● Dataset section:
****
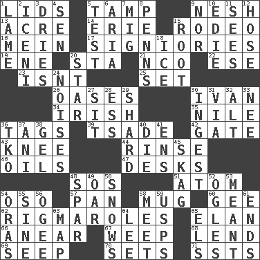 ACROSS 1. Hats (slang) 5. Pack (down) 9. Tender 13. 43,560 square feet 14. One of the Great Lakes 15. Cowboy competition 16. Chow _ 17. Seigniories (variant) 19. Compass dir. 20. R.R. building 21. Non-commissioned officer (abbr.) 22. Compass dir. 23. Is not 25. Arrange properly for use 26. Fertile tracts in a desert 30. "Terrible" tsar 34. From or relating to Ireland 35. Mediterranean tributary 36. Labels 39. Sadhe (variant) 42. Yard entry 43. Leg joint 44. Wash lightly 46. Lubricates 47. Writing tables 48. Mayday 51. Smallest unit of an element 54. Bear (Spanish) 57. Baking dish 58. Large cup 60. Unit of force equal to gravity 62. Complicated, petty procedures 65. Style 66. Approach 67. Shed a tear 68. Grant temporary use of 69. Ooze 70. Arranges properly for use 71. Fast planes DOWN 1. Unable to walk 2. Ancient Celtic tribe of eastern Britain 3. Frees from moisture 4. Elected rep. 5. Trial 6. Operatic vocal solo 7. Russian fighter aircraft 8. Actor Sean's family 9. Not either 10. Singer Brickell 11. Perceives with the eye 12. Stockings 15. Carrot, for example 18. Frozen water 20. Play the lead 24. Annoying sounds 27. Be seated 28. Curvy letter 29. Pottery fragment 30. Consume 31. By way of 32. Keyboard modifier key 33. Born 36. Ring climax 37. Cuckoo 38. Set 40. Pass on 41. Followers of ems 45. Heroin 48. Coast Guard woman 49. Boat paddle 50. Frozen precipitation (plural) 52. Stares 53. Intended 54. Mouths or openings 55. Trig term 56. Double curve, resembling the letter S 58. Rendezvous 59. United States Postal Service (abbr.) 61. Conclusions 63. Atlas unit 64. Area sheltered from the wind 65. Raised railways
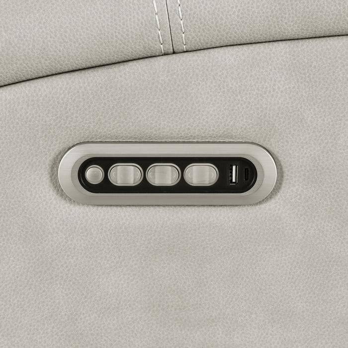 This triple power recliner chair invites you to unwind with motion, support, and quiet luxury. Wrapped in soft leatherette upholstery, it offers a supple touch that enhances every moment of rest. A gliding and swivel base flows effortlessly while plush cushions and contouring lumbar support cradle the body. Power headrest, lumbar, and zero gravity recline functions adjust at your command. Hidden cup holders and built-in USB A and USB C ports add thoughtful convenience, while an emergency power-down port offers peace of mind.
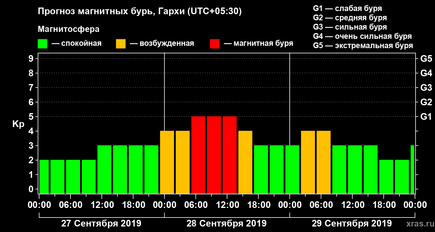 Прогноз магнитных бурь Гархи на 27 сентября 2019 года
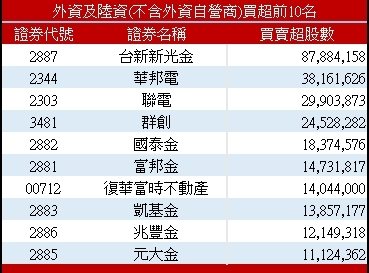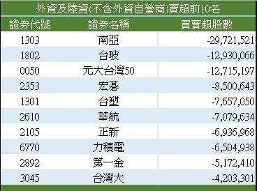 統計外資買超前十名個股中,竟有6檔金融股,買超台新新光金最多,另外,電子股有3檔,華邦電(2344)居外資買超第二名,外資單日買超38,162張,聯電(2303)及群創(3481)也是外資買超標的;不過,南亞及台玻(1802)則分居外資賣超前兩名,外資單日賣超南亞29,722張,賣超台玻12,930張。
****
● Task:
When the listing is transcribed, every line must match the original exactly, and the pictures must be left out.

● Written answer:
 ACROSS 1. Hats (slang) 5. Pack (down) 9. Tender 13. 43,560 square feet 14. One of the Great Lakes 15. Cowboy competition 16. Chow _ 17. Seigniories (variant) 19. Compass dir. 20. R.R. building 21. Non-commissioned officer (abbr.) 22. Compass dir. 23. Is not 25. Arrange properly for use 26. Fertile tracts in a desert 30. "Terrible" tsar 34. From or relating to Ireland 35. Mediterranean tributary 36. Labels 39. Sadhe (variant) 42. Yard entry 43. Leg joint 44. Wash lightly 46. Lubricates 47. Writing tables 48. Mayday 51. Smallest unit of an element 54. Bear (Spanish) 57. Baking dish 58. Large cup 60. Unit of force equal to gravity 62. Complicated, petty procedures 65. Style 66. Approach 67. Shed a tear 68. Grant temporary use of 69. Ooze 70. Arranges properly for use 71. Fast planes DOWN 1. Unable to walk 2. Ancient Celtic tribe of eastern Britain 3. Frees from moisture 4. Elected rep. 5. Trial 6. Operatic vocal solo 7. Russian fighter aircraft 8. Actor Sean's family 9. Not either 10. Singer Brickell 11. Perceives with the eye 12. Stockings 15. Carrot, for example 18. Frozen water 20. Play the lead 24. Annoying sounds 27. Be seated 28. Curvy letter 29. Pottery fragment 30. Consume 31. By way of 32. Keyboard modifier key 33. Born 36. Ring climax 37. Cuckoo 38. Set 40. Pass on 41. Followers of ems 45. Heroin 48. Coast Guard woman 49. Boat paddle 50. Frozen precipitation (plural) 52. Stares 53. Intended 54. Mouths or openings 55. Trig term 56. Double curve, resembling the letter S 58. Rendezvous 59. United States Postal Service (abbr.) 61. Conclusions 63. Atlas unit 64. Area sheltered from the wind 65. Raised railways
 This triple power recliner chair invites you to unwind with motion, support, and quiet luxury. Wrapped in soft leatherette upholstery, it offers a supple touch that enhances every moment of rest. A gliding and swivel base flows effortlessly while plush cushions and contouring lumbar support cradle the body. Power headrest, lumbar, and zero gravity recline functions adjust at your command. Hidden cup holders and built-in USB A and USB C ports add thoughtful convenience, while an emergency power-down port offers peace of mind.
 Прогноз магнитных бурь Гархи на 27 сентября 2019 года
 統計外資買超前十名個股中,竟有6檔金融股,買超台新新光金最多,另外,電子股有3檔,華邦電(2344)居外資買超第二名,外資單日買超38,162張,聯電(2303)及群創(3481)也是外資買超標的;不過,南亞及台玻(1802)則分居外資賣超前兩名,外資單日賣超南亞29,722張,賣超台玻12,930張。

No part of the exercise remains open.